Abundance values have been scaled by the fraction of the DNA that mapped to the MAGs. The number of MAGs per lineage is provided in the row labels by ‘n = #’.
Identification of P450s in metagenomes
Across the six samples, 544,659 proteins were predicted from Armutlu, 3,097,365 from Balya, 5,495,569 from Gömeç, 1,042,240 from Hisaralan, 5,046,949 from Acıgöl and 1,881,283 from Tuz Gölü (Fig 5; total of 1,958,703 proteins after clustering at 100% identity) representing a substantial reservoir of potentially useful extremophilic biomolecules. An initial screening of the full protein dataset, conducted using a combination of HMM profile searches and alignment with reference sequences from the CYPED database, identified hundreds of putative cytochrome P450 enzymes. The distribution across the six sites was as follows: 55 from Armutlu, 614 from Balya, 801 from Gömeç, 434 from Hisaralan, 579 from Acıgöl, and 541 from Tuz Gölü. Before classifying these putative P450s, amino acid sequences were filtered to those with complete sequences (including both start and stop codons) and were searched against the CYPED database to eliminate non-microbial sequences. Those with at least a 20% match to microbial P450s were then examined for the integrity of their heme-binding domains using the NCBI CDD (Conserved Domain Database), and those that did not contain the consensus heme binding motif F(x)nG/A(x)mCxG were removed (where: x is any amino acid; n is typically 2 but up to 5 in some families, e.g., CYP152; and m is typically 3 but up to 6 in some families [77]). After filtering, a total of 311 sequences remained: 52 thermophilic (Armutlu n = 3, Hisaralan n = 49), 92 acidophilic (Balya), and 167 halophilic (Gömeç n = 57, Lake Acıgöl n = 31, and Tuz Gölü = 79) (Fig 5). Among these sequences, 241 were found across 138 of the bins (104 bins with a taxonomic classification at the class level or below), including 45 of the higher-quality MAGs (S7 Table).

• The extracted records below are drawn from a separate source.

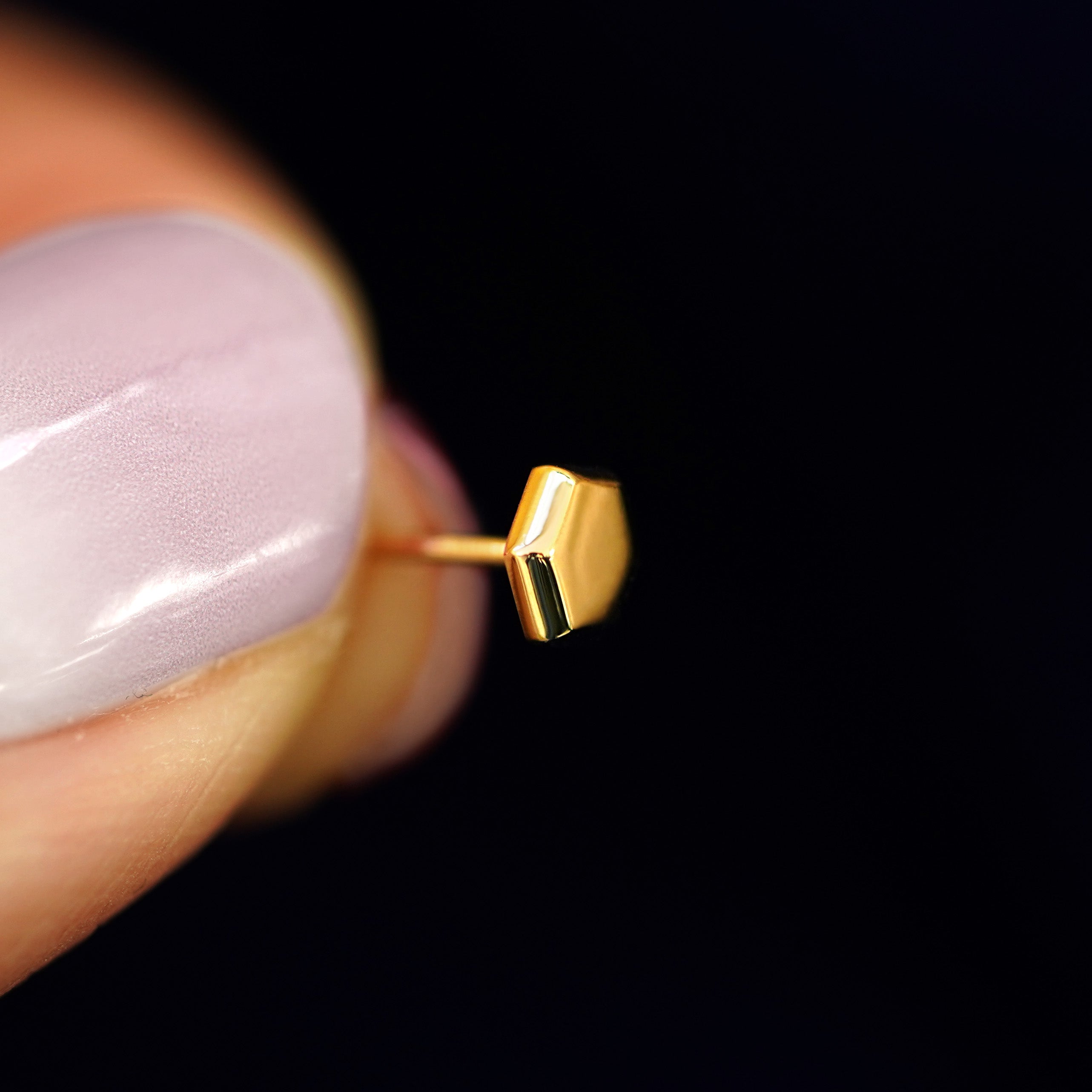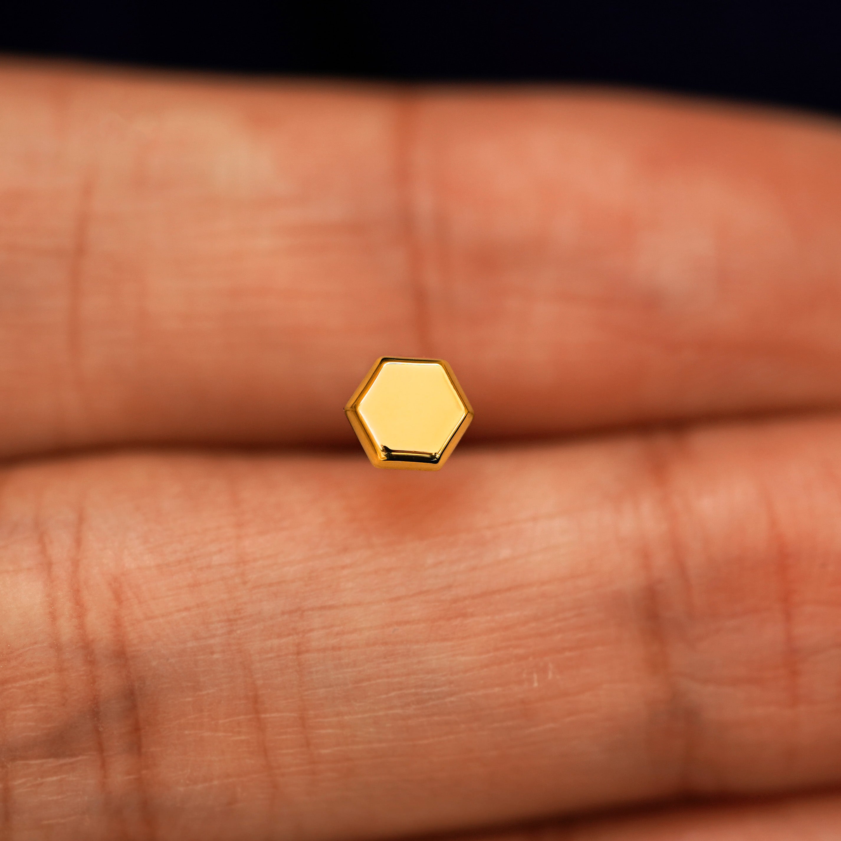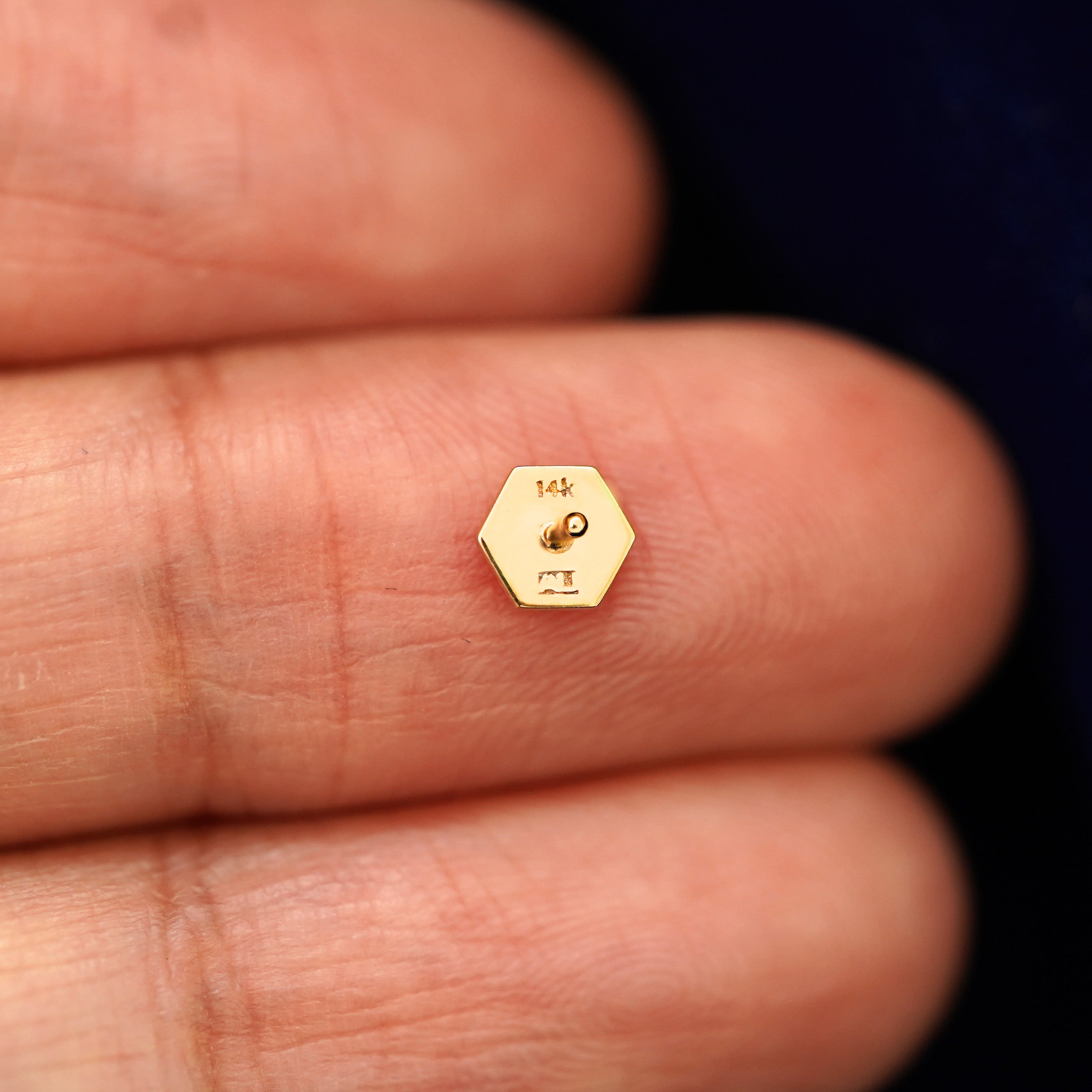Sweet like honeycomb and stylishly modern, these hexagon earrings are shapely little studs perfect for everyday wear. Crafted with recycled 14k solid gold, these stud earrings feature a raised hexagon design with rounded edges so they are durable, comfortable, and sustainable.
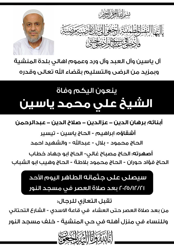 & ينعونَ إليكم وفاةَ الشَّيخ علي محمَّد ياسين - أبو برهان من بلدة المنشيَّة.
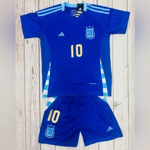 YOUTH Messi #10 Adidas Soccer Jersey Kids Argentina 24-25’ Kit Jersey + Shorts (MEDIUM) (26)
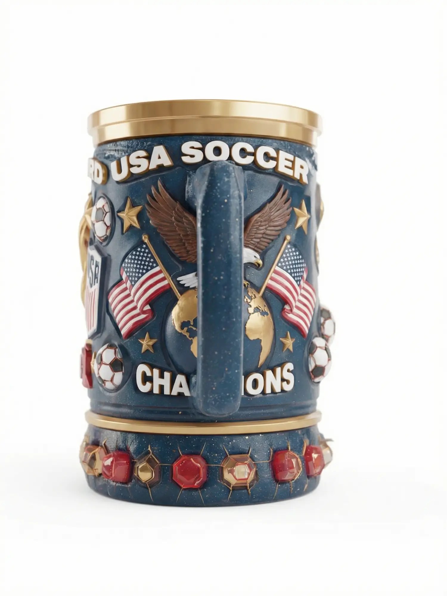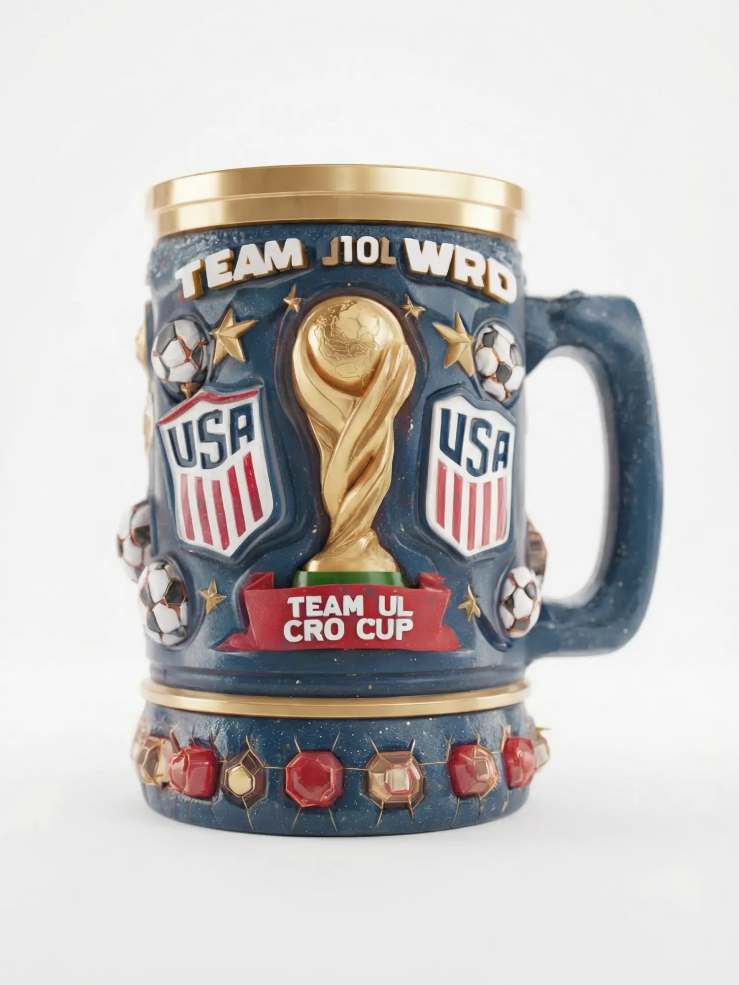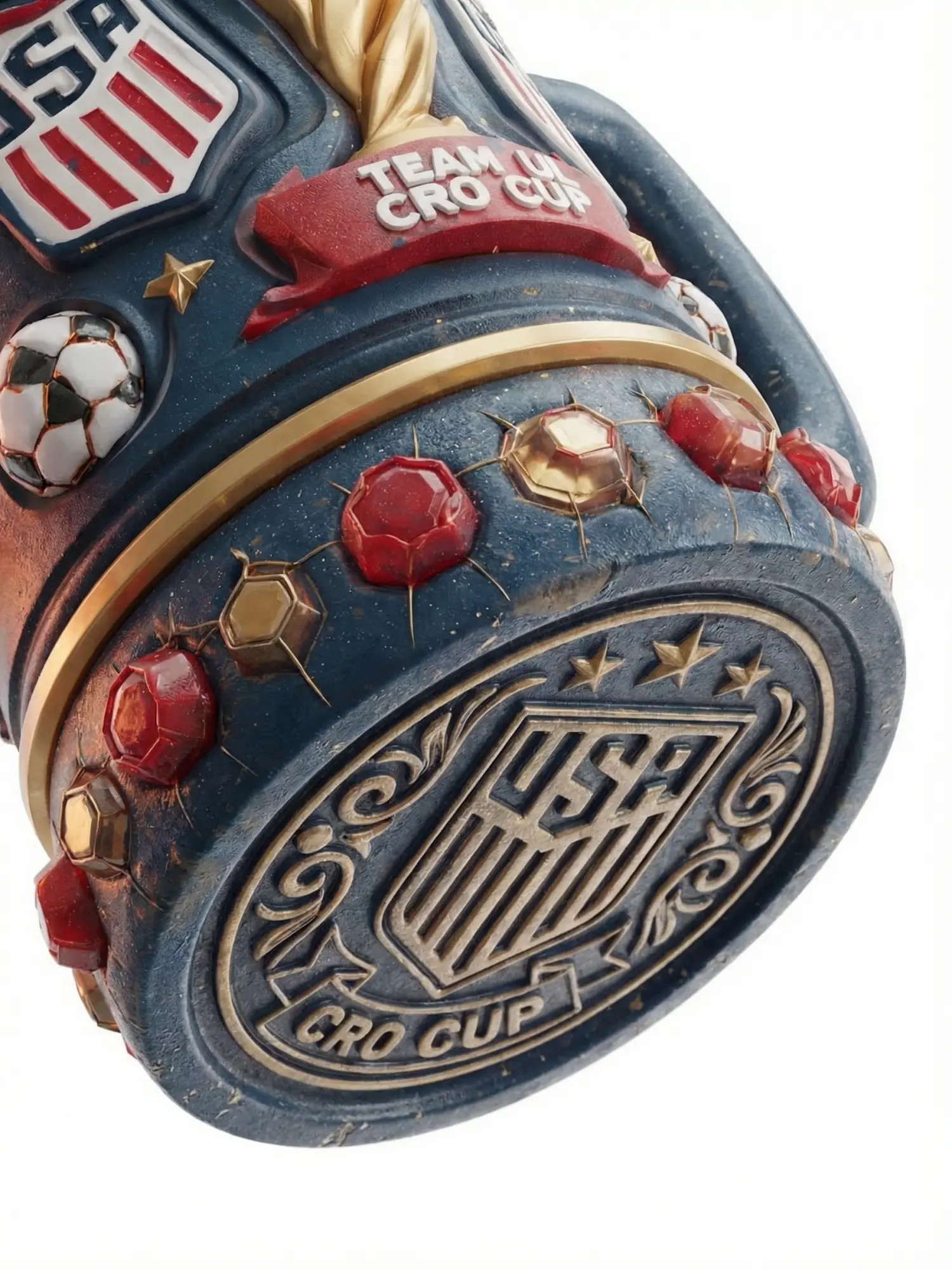 - Golden Trophy Accent: A miniature golden World Cup trophy relief sits at the center, symbolizing respect for football’s ultimate honor.

We did not observe a clear correlation between microbial diversity and either the number of P450s or the number of P450 families present in the samples (S2 Fig). P450s from Balya, which had a relatively high microbial diversity (Shannon diversity of ~5.5), were only encoded by members of the phylum Pseudomonadota. Notably, ten of the higher-quality Balya MAGs encoded multiple P450s (from different P450 families; S7 Table, S3 Fig). This included five members of the genus Novosphingobium that each encoded 4–9 P450s, and a Blastomonas fulva that encoded 7. At the hypersaline sites, Tuz Gölü and Gömeç (diversities of 3.7 and 6.5, respectively), members of the phylum Halobacteriota, specifically the families Haloarculaceae, Halobacteriaceae, Haloferacaceae, and Salinarchaeaceae, were the primary encoders with 1–5 P450s each. At the other hypersaline site, Lake Acıgöl (diversity of 5.8), P450s were primarily encoded by members of the phyla Bacteroidota, Halobacteriota, and Pseudomonadota (1–2 P450s). Among the hydrothermal sites Hisaralan and Armutlu (diversities of 4.0 and 5.4, respectively) bins were only obtained from Hisaralan, and the top encoders with 2–4 P450s included members of the phyla Actinomycetota, Bacillota, Chloroflexota, and Desulfobacterota_B.
Classification of P450s
The 311 P450s were named according to P450 nomenclature criteria [71], with those having less than 40% amino acid identity designated as a new family, and those with more than 40% but less than 55% identity assigned to a new subfamily (Fig 6). The site with the highest number of identified P450s was Balya acid mine drainage (n = 92), followed by Tuz Gölü (79), Gömeç (57), Hisaralan (49), and Lake Acıgöl (31). Only three P450s were identified in the Armutlu hot water sample, possibly due to low DNA read depth obtained from sequencing, however all three belonged to different families, one of which represented a novel subfamily. Aside from Armutlu, samples with the highest P450 family diversity were Balya (n = 37), Gömeç (27), Hisaralan (23), and Lake Acıgöl (16). While Tuz Gölü harbored the second highest number of P450s of the six samples, it had the lowest diversity (13) (Table 1).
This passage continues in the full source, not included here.